The Japanese surrendered on 15 August, but Sarpedon, plagued by a new enemy, the weather, continued to work in support of occupation forces. After riding out Typhoon Ida at anchor on 16 September, she went to sea to avoid the Typhoon Jean of 29 September, but was ordered to remain in port when a third, Typhoon Louise struck on 8 and 9 October. Many craft were wrecked in the harbor, but Sarpedons anchor held despite collisions with two barges and a PC which broke their moorings and crashed alongside. Later moving to Shanghai, China, Sarpedon continued to provide repair support to ships engaged in occupation duties until sailing from Shanghai, on 20 March 1946, for Bikini. However, her participation in the atomic bomb tests there was cancelled. After remaining at Kwajalein from 5 April to 8 May, she arrived at San Pedro, Los Angeles, on 28 May 1946, for inactivation. Sarpedon was decommissioned on 29 January 1947, and placed in reserve at San Diego.

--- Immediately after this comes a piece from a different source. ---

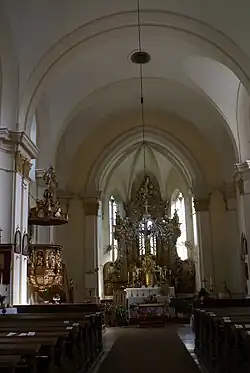 Die Kirche besitzt bemerkenswerte Altäre aus der Zeit um 1785. Die Glocke wurde 1518 gegossen.
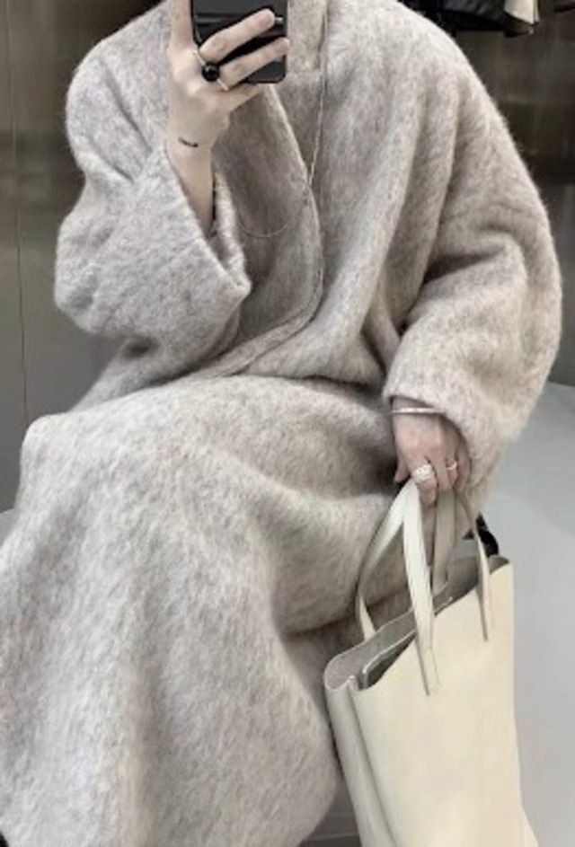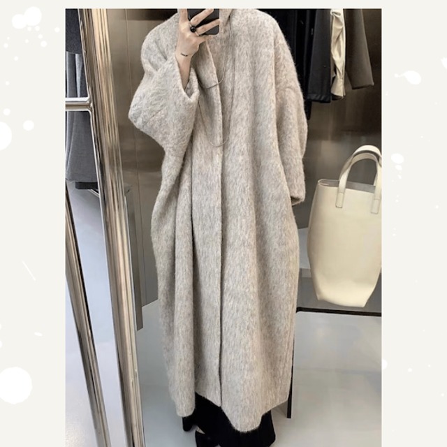 シンプルなシングルブレストのシャギーコート♡この色合いとルーズなダウンショルダーの雰囲気がたまらなくイイ感じ♡

Laid up in the Pacific Reserve Fleet, San Diego Group, she was struck from the Naval Vessel Register 15 April 1976; sold for scrapping 1 January 1977, by the Defense Reutilization and Marketing Service (DRMS); and acquired by Phaethon Shipping & Trading Corporation S.A., Panama, and renamed SS Petrola 133. The ship was broken up for scrap 30 May 1989.